**SUPPLIED MATERIAL**
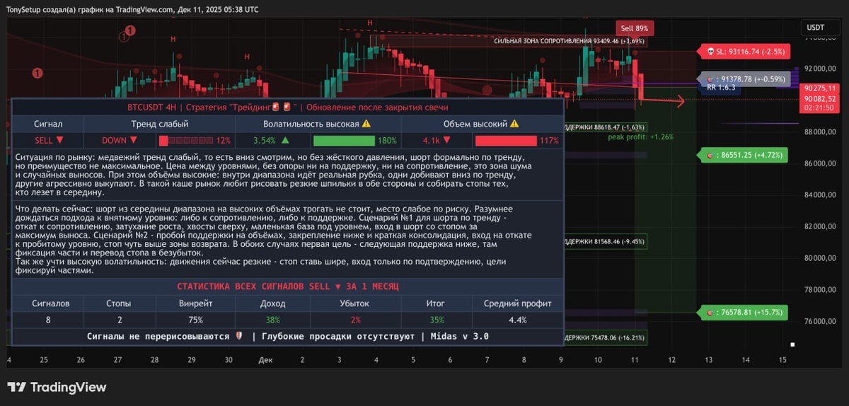 Утренний разбор BTC по Setup Master. Я вижу, что вчера BTC снова не смог удержаться над сильной зоной сопротивления 93 400 и ночью резким проливом сместился к 90 000. Сейчас торгуемся в нижней части диапазона под активным SELL-сигналом Setup Master, при высокой волатильности и объёмах - рынок выкидывает шпильки, собирая ликвидность между уровнями. Ключевая зона, от которой я строю сценарий на день, - сопротивление 91 400–93 400. Пока цена остаётся ниже 91 378 и уж тем более ниже стопа 93 116, для меня в силе медвежий вариант с целями по Setup Master в районе поддержки 88 600 и дальше к 86 551, 81 568 и 76 579. Бычий сценарий появится только при возврате и закреплении выше 93 116: тогда шорт-сетап ломается и давление продавцов существенно снижается. 👑Подключить индикатор
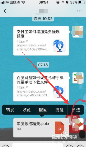 打开微信,找到要发送的文件聊天记实,长按聊天记实,会呈现一排操作提醒,点击“多选”
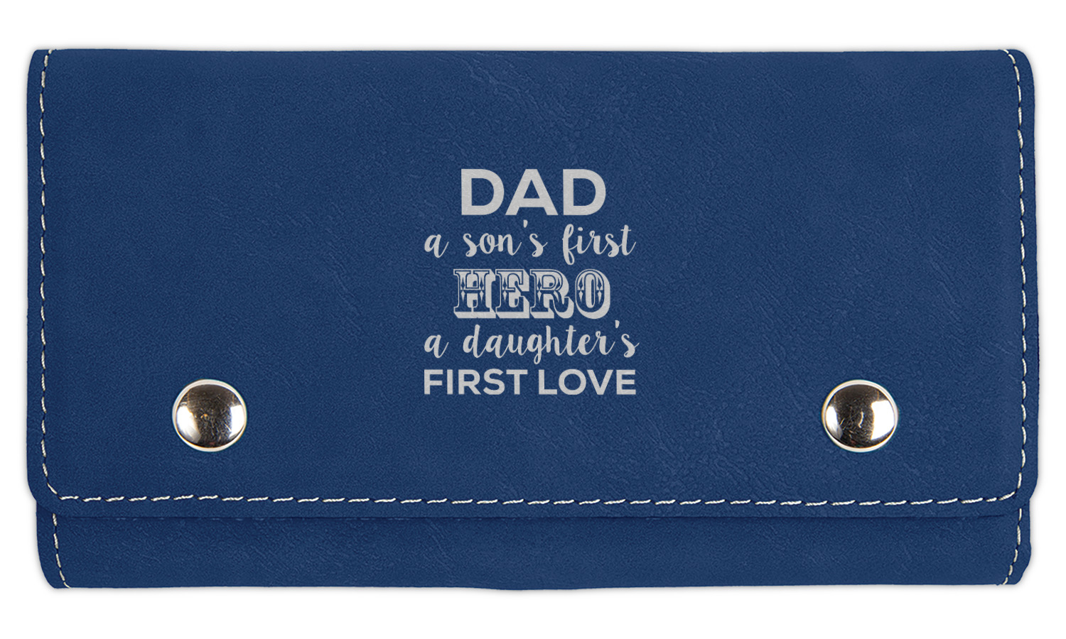 The background of this design is a fun word cloud that says different words to describe a father like "friend," "thanks," "father's day," "happiness," and more. The design is filled with a few different shades of blue and a little accent of white. The main graphic is a quote that says "Dad, a son's first hero, a daughter's first love." What a sweet design for Father's Day!
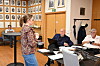 F.v.: Ingrid Larsen (fagleder for forvaltningsrevisjon ved Møre og Romsdal Revisjon SA), Steinar Wiik Sørvik (H) og Stein Kristiansen (R) går igjennom rapporten om sykefraværet i Kristiansund kommune som er utarbeidet for Kontrollutvalget.
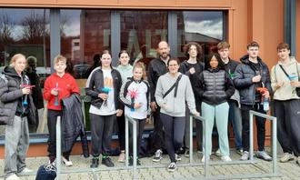 Abgesehen von einigen kleinen Trinkpausen waren wir ständig auf den Aktionsflächen unterwegs, spielten Airsoccer, versuchten uns beim Slam Dunk und machten sogar den ein oder anderen Salto. Es war ein anstrengender, aber sehr spaßiger Ausflug! Sichtlich erschöpft gönnten wir uns vor Ort noch eine kleine Stärkung, bevor es dann gemeinsam wieder zurück nach Braubach ging.
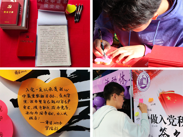 在2020级本科生入学报到日,在睿信书院“争做2020级首批入党积极分子”签名墙上,一张张心形小纸条拼成了党徽的形状,纸条上写满了同学们对于加入中国共产党的向往和对于未来报效祖国、服务人民的情怀。
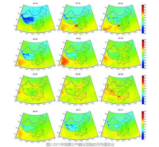 在利用驗證結(jié)果完善反演算法的基礎(chǔ)上,開展了我國氧化亞氮濃度的時空變化反演分析。如圖2所示為2011年我國氧化亞氮濃度的月均值分布圖,時空分布顯示,我國氧化亞氮濃度月度間變化比較明顯,從1月份開始,氧化亞氮濃度逐月遞增,8月份最高,之后逐月遞減。
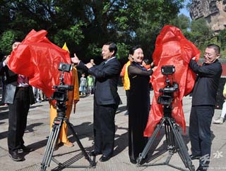 反映西北農(nóng)村題材首部時尚主旋律大型電視連續(xù)劇《苦樂村官》,近日在甘肅天水麥積山石窟主景區(qū)開機。出品方甘肅省委宣傳部、天水市委市政府、上海保奇影視文化發(fā)展股份有限公司的負責人和主演劉威、錢泳辰等出席開機儀式。在開機儀式上,著名編劇曹銳、導演白永成、藝術總監(jiān)劉威、演員代表錢泳辰分別發(fā)表感言。

**YOUR ASSIGNMENT**
All that is wanted is the run of lines from the start of the material through the line that holds "F.v.: Ingrid Larsen", retyped exactly, with no pictures.

**RESPONSE FOR THIS EXERCISE**
 Утренний разбор BTC по Setup Master. Я вижу, что вчера BTC снова не смог удержаться над сильной зоной сопротивления 93 400 и ночью резким проливом сместился к 90 000. Сейчас торгуемся в нижней части диапазона под активным SELL-сигналом Setup Master, при высокой волатильности и объёмах - рынок выкидывает шпильки, собирая ликвидность между уровнями. Ключевая зона, от которой я строю сценарий на день, - сопротивление 91 400–93 400. Пока цена остаётся ниже 91 378 и уж тем более ниже стопа 93 116, для меня в силе медвежий вариант с целями по Setup Master в районе поддержки 88 600 и дальше к 86 551, 81 568 и 76 579. Бычий сценарий появится только при возврате и закреплении выше 93 116: тогда шорт-сетап ломается и давление продавцов существенно снижается. 👑Подключить индикатор
 打开微信,找到要发送的文件聊天记实,长按聊天记实,会呈现一排操作提醒,点击“多选”
 The background of this design is a fun word cloud that says different words to describe a father like "friend," "thanks," "father's day," "happiness," and more. The design is filled with a few different shades of blue and a little accent of white. The main graphic is a quote that says "Dad, a son's first hero, a daughter's first love." What a sweet design for Father's Day!
 F.v.: Ingrid Larsen (fagleder for forvaltningsrevisjon ved Møre og Romsdal Revisjon SA), Steinar Wiik Sørvik (H) og Stein Kristiansen (R) går igjennom rapporten om sykefraværet i Kristiansund kommune som er utarbeidet for Kontrollutvalget.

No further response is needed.